Lloyd Baggs on His Digital Conversion and the Development of the Voiceprint Acoustic D.I.
L.R. Baggs's Voiceprint might well be the acoustic guitar's iPhone moment, revolutionizing acoustic amplification.
For more than four decades, Lloyd Baggs and his company, L.R. Baggs, have routinely upped the ante for acoustic-electric tone. Baggs began as a luthier working closely with Ry Cooder.
Through a bizarre incident involving a guitar Baggs made for the guitarist, Takamine’s pickup system, and Cooder’s disdain for his unwieldy road rig, Baggs became focused on acoustic amplification.

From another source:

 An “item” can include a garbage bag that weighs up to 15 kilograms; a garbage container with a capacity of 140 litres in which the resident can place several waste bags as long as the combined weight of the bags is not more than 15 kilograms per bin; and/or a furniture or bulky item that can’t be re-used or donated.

He’s been an analog man all along, creating ever-improving pickup systems, preamps, and direct boxes. More recently, Baggs released the Synapse Personal P.A. and a range of Align acoustic effects.
Both earned Guitar Player Editors’ Pick awards and represented the company’s first wadings into the digital waters. Baggs’ newest innovation, the Voiceprint D.I. ($399 street) is a headlong dive into the deep end. Voiceprint is a direct-input stompbox for acoustic-electric guitars that works in conjunction with Baggs’ new AcousticLive app on iPhone via Bluetooth.

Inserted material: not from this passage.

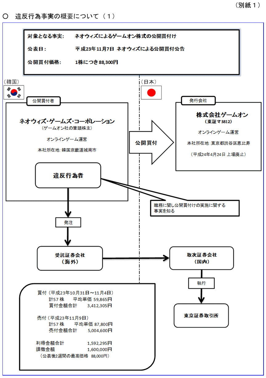 課徴金納付命令対象者(大韓民国に居住)は、大韓民国に本社を置くネオウィズ・ゲームズ・コーポレーションの従業員であったが、その職務に関し、同社の業務執行を決定する機関がゲームオン株式の公開買付けを行うことについての決定をした旨の公開買付けの実施に関する事実を知りながら、当該事実の公表前の平成23年10月31日から同年11月4日までの間、自己の計算において、ゲームオン株式合計57株を買付価額合計341万2305円で買い付けたものである。
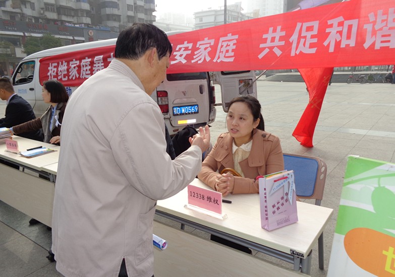 活动现场,市妇联工作人员向广大居民发放反家庭暴力宣传材料,同时,专设心理咨询和12338维权法律和心理咨询服务。

Using the iPhone’s microphone, it maps the guitar’s acoustic sound qualities while taking the player’s style into consideration. Voiceprint concurrently gathers pickup information and relays it to the iPhone. The app is designed to reckon both signals and create a custom filter that mitigates troublesome characteristics and highlights those that are most appealing.

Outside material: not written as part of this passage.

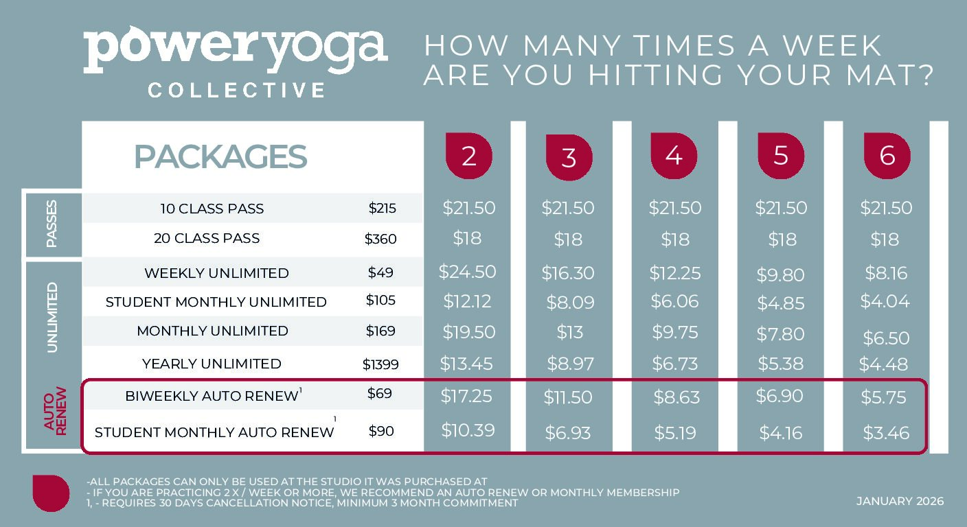 It is important to us that you have the opportunity to get to know us, so we have reserved our best deal for YOU—30 days of yoga for only $59! This pass allows you to jump in with two feet—meet our teachers, get to know our community and experience firsthand the benefits of Power Yoga. If you need additional information to support your journey, email us or give us a call!

The resulting tone may sound as if it were captured using a great studio mic, but nothing is added, other than a bit of ambience due to the guitar’s distance from the phone. Voiceprint also identifies feedback hot spots and creates a custom cancellation curve, plus a customizable EQ. Saved presets are sent to the pedal for easy recall in musical environments.
Voiceprint works its magic using Impulse Response signal processing, the same technology behind the Kemper Profiler amplifier and Fishman’s breakthrough Aura imaging pedal. In fact, Larry Fishman at Fishman Electronics is Lloyd Baggs’ primary competitor. Their friendly rivalry has led to a host of fantastic inventions on the acoustic-electric frontier, and we guitar players continue to reap the rewards.
What’s the Voiceprint origin story?
It started with the Fishman Aura, and I’ve got to give Larry props for doing that. He’s a real innovator. A number of years ago, when Pete Newport owned Breedlove and Fishman had come out with the Aura, Pete scheduled Larry and me to address his reps at the NAMM Show.
His reps said, “What’s your answer to the Aura?” I didn’t have one. So the Anthem was born out of that. It was called Anthem because it was our answer to the Aura.
How so?
I’ve never been a fan of modeling. It doesn’t feel like the guitar you’re playing, since the model didn’t grow from that guitar. Our company has always been about delivering a real feel, maybe even before sound. So when the Aura came out, I thought it was going in the right direction, but its images weren’t based on my guitar, and I didn’t want my guitar to sound or feel like anyone else’s.
The question was, “How am I going to capture the sound of my guitar more faithfully?” As [fingerstyle guitarist] Doug Young said recently on a forum, “The worst mic sounds better than the best pickup.” I started working further with microphones. The Duet was probably the first blended system with a pickup and a mic in a guitar, but we used the microphone mostly to deodorize the pickup.
We set the crossover just so you could get some of the texture in the high end because you couldn’t get very far down into the frequency response of the guitar without trouble. The inside of a guitar sounds like a garbage can. It’s full of echoes and stuff.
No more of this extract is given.